### Data to process

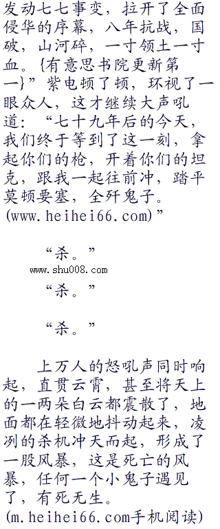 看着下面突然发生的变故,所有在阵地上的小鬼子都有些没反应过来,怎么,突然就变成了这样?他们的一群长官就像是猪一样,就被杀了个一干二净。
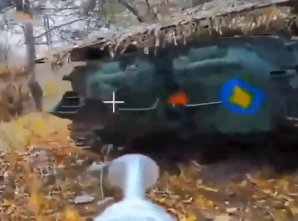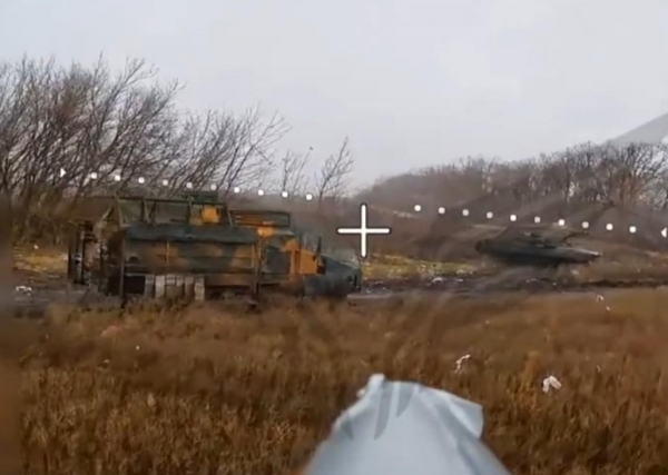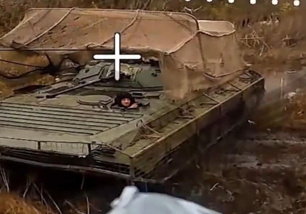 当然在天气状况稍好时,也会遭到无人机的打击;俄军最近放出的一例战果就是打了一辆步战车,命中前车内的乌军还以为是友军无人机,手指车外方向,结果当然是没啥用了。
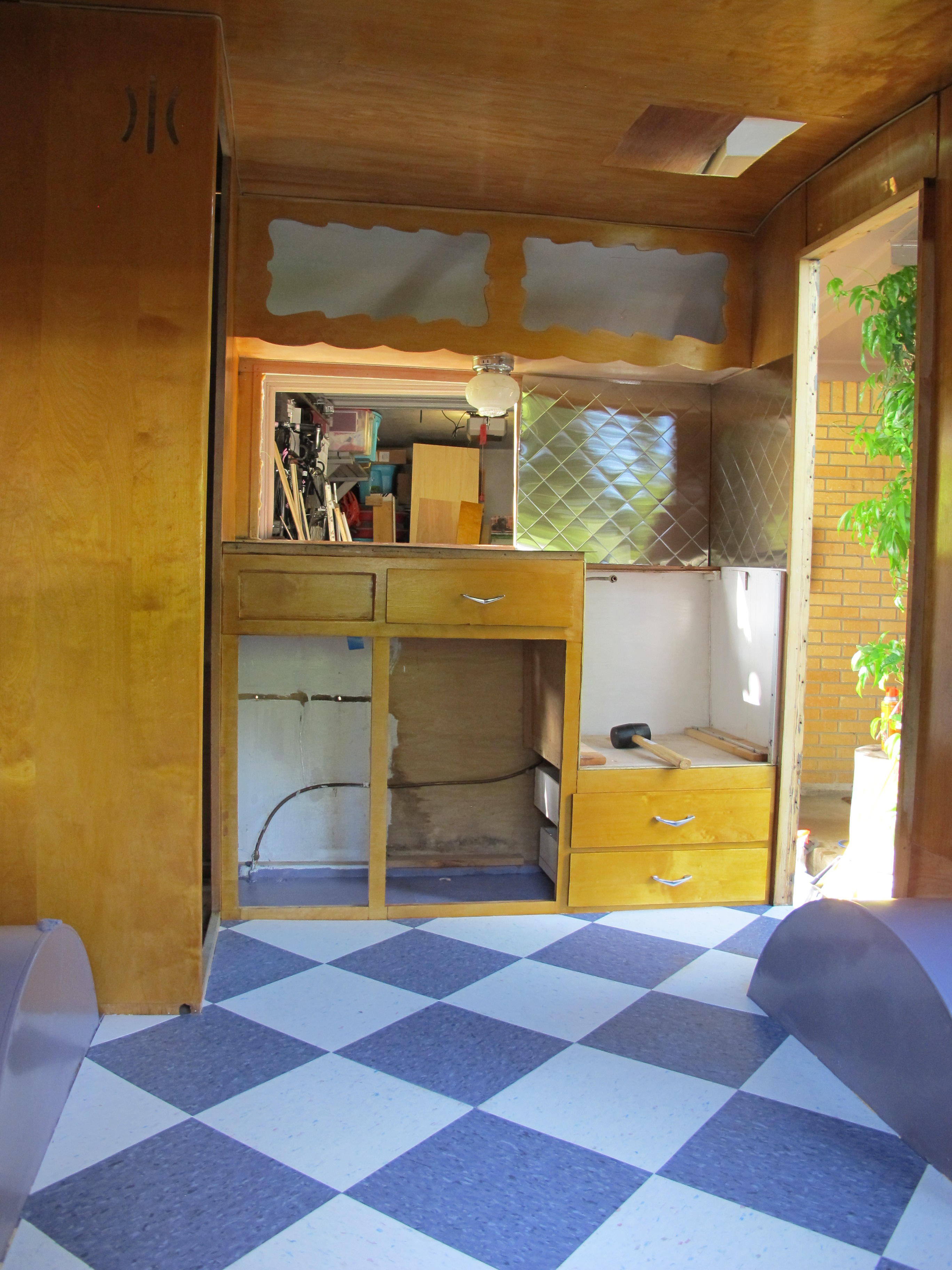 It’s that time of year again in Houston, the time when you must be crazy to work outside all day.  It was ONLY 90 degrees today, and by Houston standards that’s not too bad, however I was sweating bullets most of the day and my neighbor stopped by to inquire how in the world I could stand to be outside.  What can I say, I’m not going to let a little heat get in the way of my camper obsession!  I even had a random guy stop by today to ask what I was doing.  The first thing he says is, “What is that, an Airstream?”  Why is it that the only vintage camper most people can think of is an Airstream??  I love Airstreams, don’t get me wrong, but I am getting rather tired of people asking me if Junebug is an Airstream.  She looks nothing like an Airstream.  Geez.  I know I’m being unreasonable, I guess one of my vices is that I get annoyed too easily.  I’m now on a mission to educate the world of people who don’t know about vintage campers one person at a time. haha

######
### Data to process

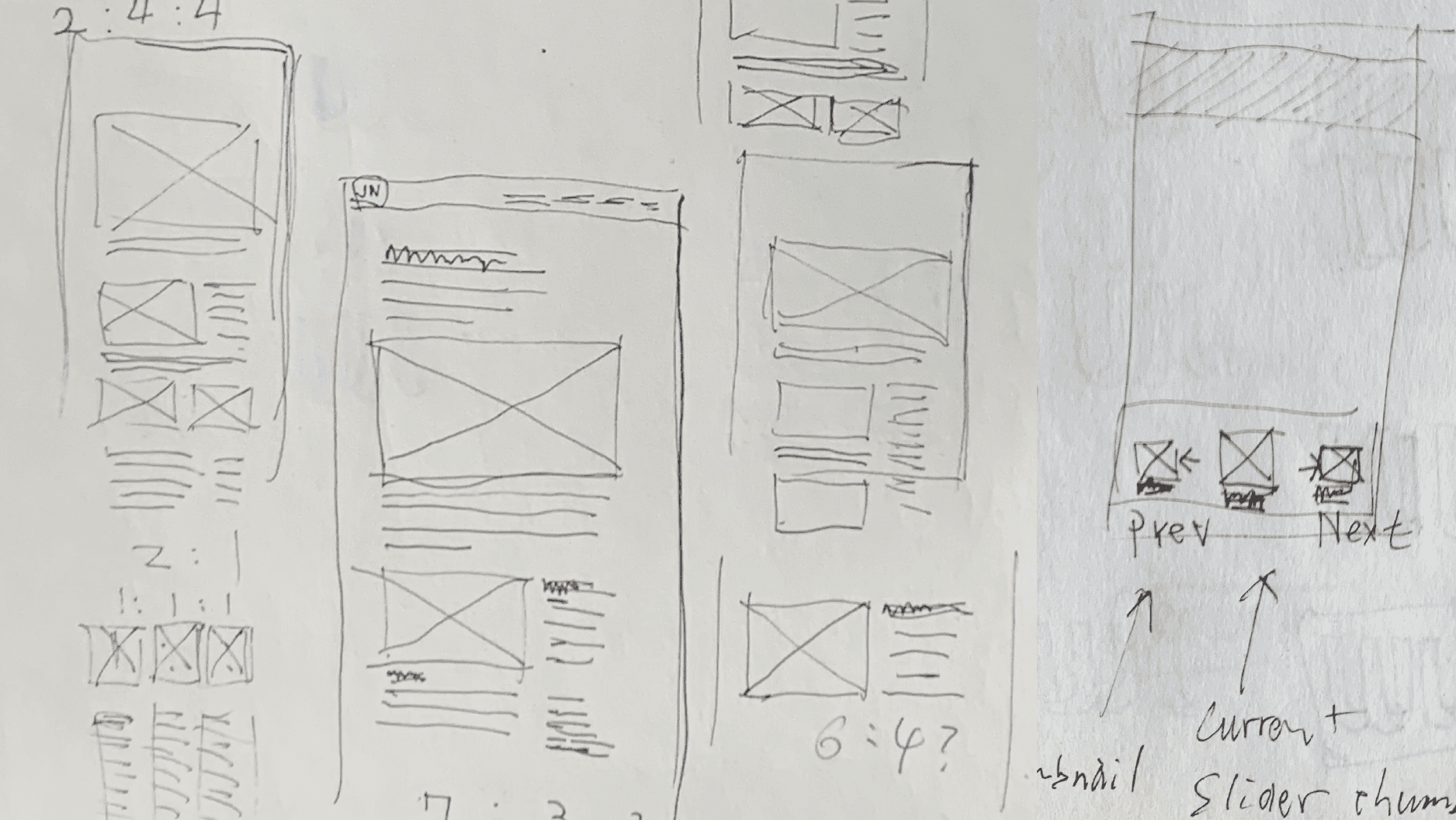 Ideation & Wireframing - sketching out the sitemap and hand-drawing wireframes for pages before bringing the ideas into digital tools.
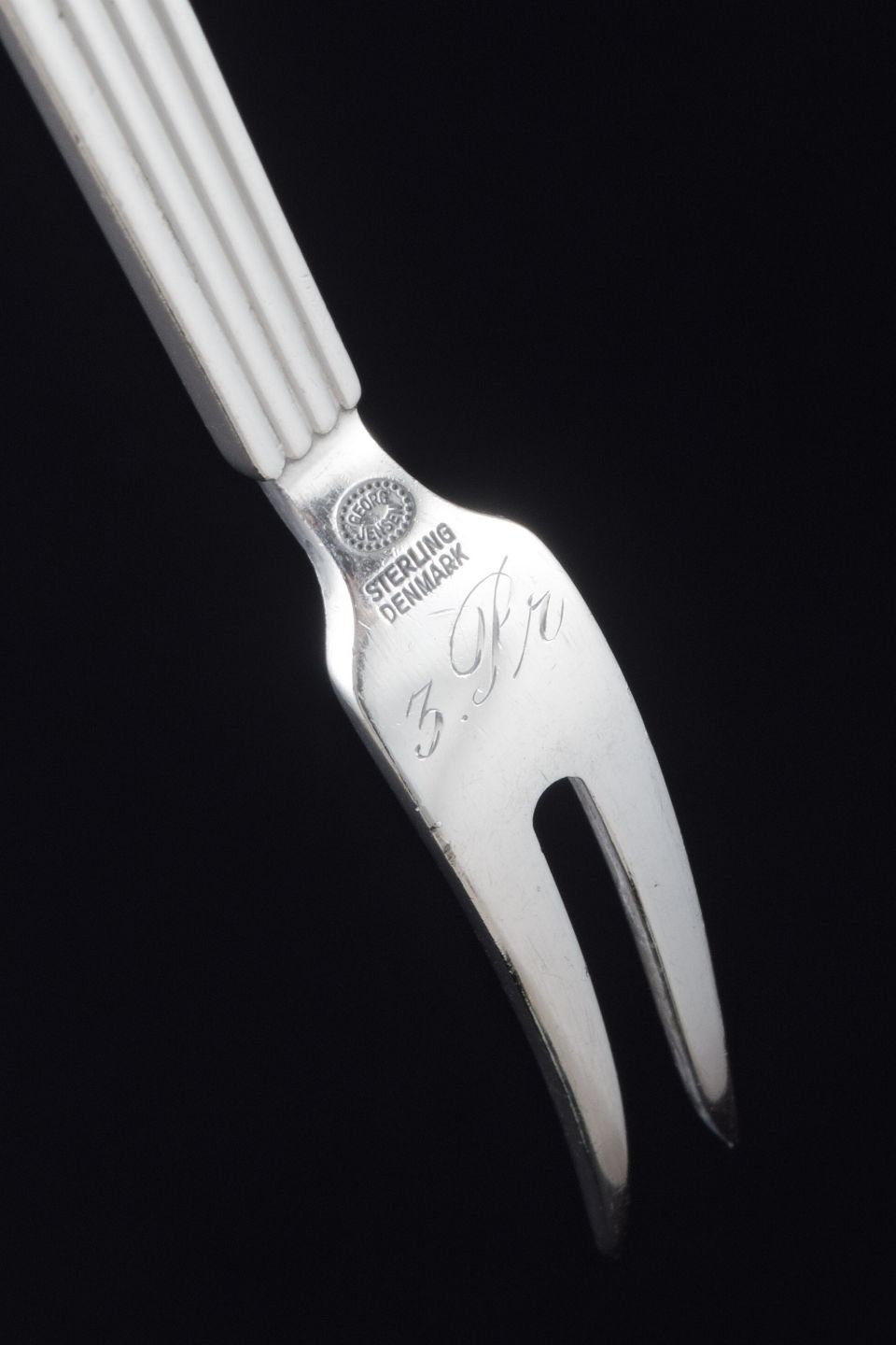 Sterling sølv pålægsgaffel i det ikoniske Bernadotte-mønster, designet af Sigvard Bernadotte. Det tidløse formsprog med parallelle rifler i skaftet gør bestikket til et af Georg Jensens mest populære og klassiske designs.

######

**Task goal:**
Exact repeat of the material above: every line from the one with "Ideation & Wireframing" through the one with "Sterling sølv pålægsgaffel", endpoints included, and nothing more. No pictures.

**Solution to the exercise:**
 Ideation & Wireframing - sketching out the sitemap and hand-drawing wireframes for pages before bringing the ideas into digital tools.
 Sterling sølv pålægsgaffel i det ikoniske Bernadotte-mønster, designet af Sigvard Bernadotte. Det tidløse formsprog med parallelle rifler i skaftet gør bestikket til et af Georg Jensens mest populære og klassiske designs.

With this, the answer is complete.